I kinda hate analogies because it's just as easy to come up with analogies for counter-arguments.

But good job on removing that iron. An old piece of shrapnel (deemed inoperable at the time) got my gramps later in his life.


----------



## Badblood (Oct 27, 2011)

snap said:


> I kinda hate analogies because it's just as easy to come up with analogies for counter-arguments.
> 
> But good job on removing that iron. An old piece of shrapnel (deemed inoperable at the time) got my gramps later in his life.


Sometimes analogies are all we have to work with, when talking about something as nebulous as human emotions.


----------



## Kurosity (Dec 22, 2011)

I like the idea of considering the affair an old wound.
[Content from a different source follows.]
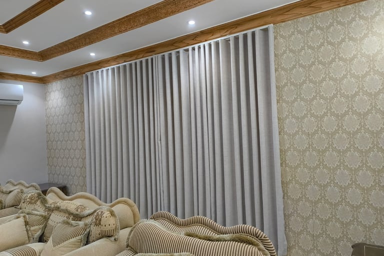 Classic Traditional Curtains Top tailoring shops in Riyadh offer a wide range of traditional curtains suited for homes with authentic Arab style. These feature warm colors like brown, gold, and dark red, made from luxurious fabrics such as velvet, brocade, and natural silk. Velvet fabric is one of the most popular choices for classic curtains, adding a touch of luxury to reception halls and Arab majlis. They often include intricate hand embroidery and traditional Islamic motifs reflecting Arab heritage. Prices vary based on fabric type and embroidery complexity, but they are worth the investment for the classic elegance they bring.

Looking at it like that makes me more excited and able to feel it can truly one day be behind me. 
I also like that it is the marriage's scar not the BS's alone. Makes it more of a team work kind of thing and in looking at it that way it feels less like I alone own it. We own it and it is in the healing stages......sorry rambling thoughts.


----------



## Badblood (Oct 27, 2011)

Kurosity said:


> I like the idea of considering the affair an old wound. Looking at it like that makes me more excited and able to feel it can truly one day be behind me.
> I also like that it is the marriage's scar not the BS's alone. Makes it more of a team work kind of thing and in looking at it that way it feels less like I alone own it. We own it and it is in the healing stages......sorry rambling thoughts.


Yes, I think the scar is on the marriage, itself, because both the BS and WS have to live with it.


----------



## Badblood (Oct 27, 2011)

I another thread, Affaircare talked about a similar thing. That continued questioning of the WS was like "picking a scab", but I feel like it is more like opening a wound to let it heal faster.


----------